スズキ目 ニザダイ科
ニセカンランハギ(偽橄欖剥、学名:Acanthurus dussumieri)は、眼の周りや背鰭が黄色く、尾の付け根に白いトゲがあるのが特徴です。沖縄などの南西諸島では「トカジャー」と呼ばれるクロハギ類の仲間で、食用や釣り対象としても知られています。

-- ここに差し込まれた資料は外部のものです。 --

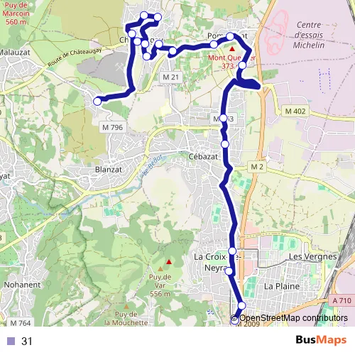 The first stop of the 31 bus route is Les Vignes and the last stop is Blanzat Les Mauvaises. 31 is operational during everyday.
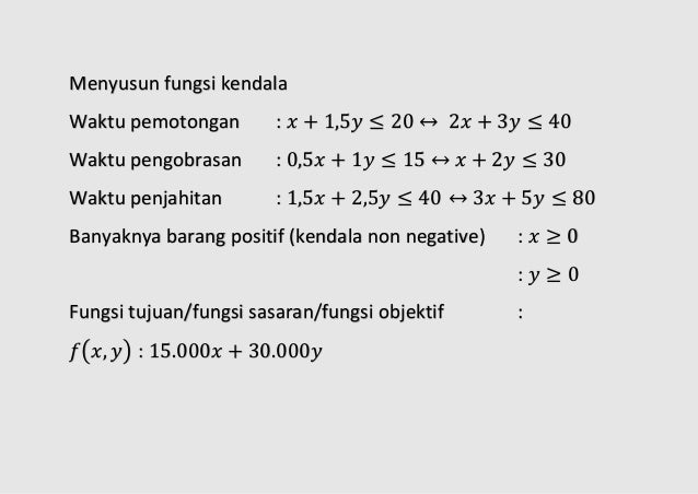 Penyelesaian Masalah Mengenai Program Linear Menggunakan Metode Grafik Matematika
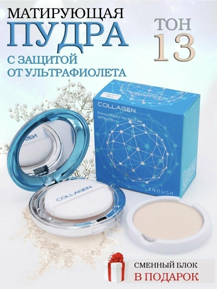 Пудра с коллагеном для лица (#13, светло-бежевый тон) предназначена для бледной, светлой и тусклой кожи. Она укрепляет эпидермис, обеспечивает гладкое и ровное покрытие. Хорошо скрывает небольшие несовершенства кожи, возвращает лицу свежесть и сияние, подстраивается под тон кожи. В составе пудры содержатся солнцезащитные фильтры SPF-50, отражающие ультрафиолетовое излучение. Она не осыпается и не оплывает в жару, хорошо матирует, не подчеркивает морщинки. При распределении не распыляется, ложится ровно, равномерно, выглядит естественно. Главное активное вещество состава - коллаген, увлажняющий кожу и предотвращающий потерю влаги. Создает защитную пленочку, «запирая» воду, не давая ей испаряться. Это повышает упругость кожи, разглаживает морщинки и складочки. Коллаген укрепляет волокна эластина, подтягивая кожу, замедляет старение.
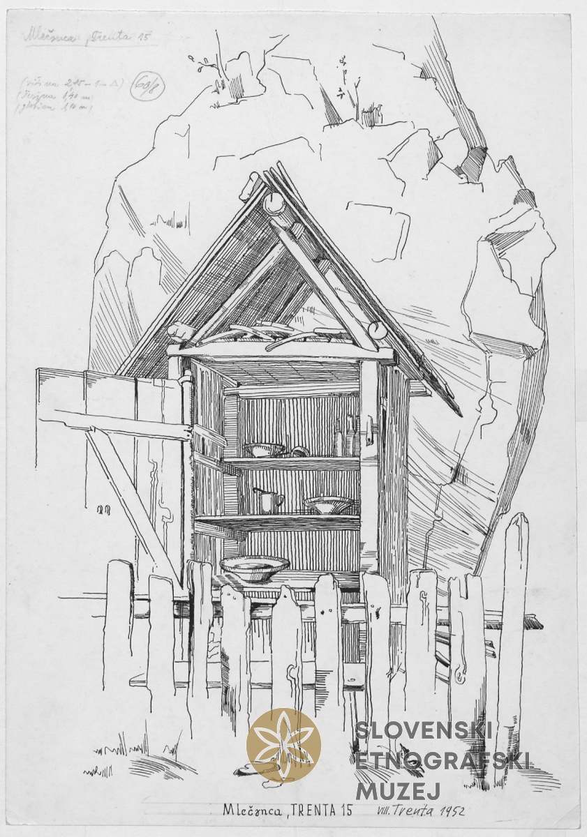 "Bajta" v kateri sirijo, Zapoudnam - Trenta 70, Franc Kverh. Teren 8 - Trenta - Bovec, 1...
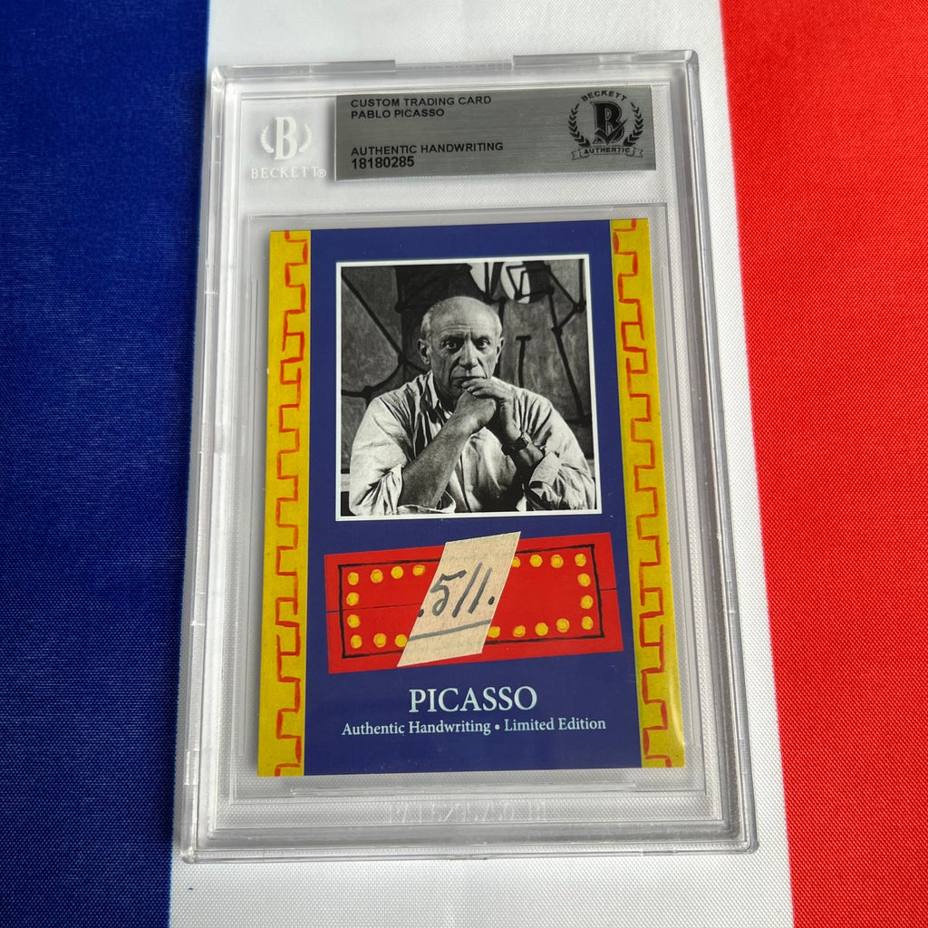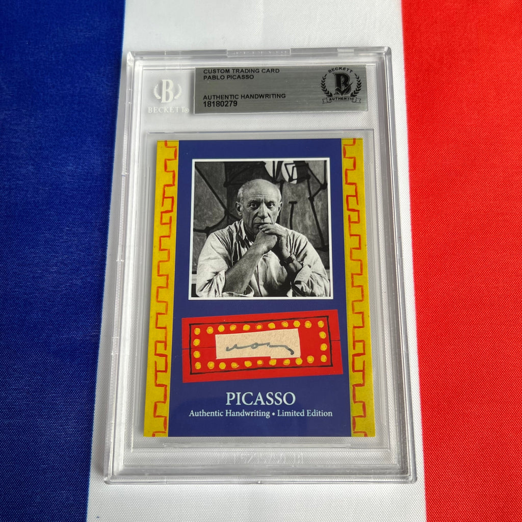 Zum ersten Mal überhaupt angeboten – echte Handschrift des legendären spanischen Künstlers und Meisters der modernen Kunst, Pablo Picasso, authentifiziert und verkapselt von (BAS) Beckett Authentication Services. Jedes handgeschriebene Wort wurde sorgfältig aus einem handgeschriebenen Brief entnommen, den Picasso an seinen Freund und Bankier Max Pellequer schickte.
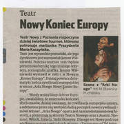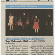 Artykuł o tournée spektaklu "Arka Noego. Nowy koniec Europy"

全長約35〜40cm。体色は青灰色や茶褐色で、目のまわりに黄色の帯模様があります。
サンゴ礁や岩礁のまわり。日本では琉球列島や南日本の太平洋沿岸に見られます。岩の表面にある藻類などを削り取って食べます。
ニセカンランハギとクロハギの違いは、尾の付け根のトゲの色や体の模様などに違いがあります。
ニセカンランハギ
学名:Acanthurus dussumieri
地方名:トカジャー(沖縄など)、イチノジ
尾の付け根(尾柄部)のトゲを覆う皮膜が白い
尾びれに多数の小さな暗色斑点がある
目元に黄色や水色の縁取り(メガネ状の模様)が入る
大きくなると背びれが黄色、尾びれが青っぽく彩られる
クロハギ
学名:Acanthurus xanthopterus
尾の付け根のトゲを覆う皮膜が黒い
尾びれに目立った斑点がない
気分や状態によって体色が黒く変化しやすい
人工餌に慣れやすく、観賞魚としても飼育しやすい
共通の注意点
両種とも尾の付け根にメスのように鋭いトゲ(可動棘)があり、素手で触ると大怪我をすることがあるため注意が必要です。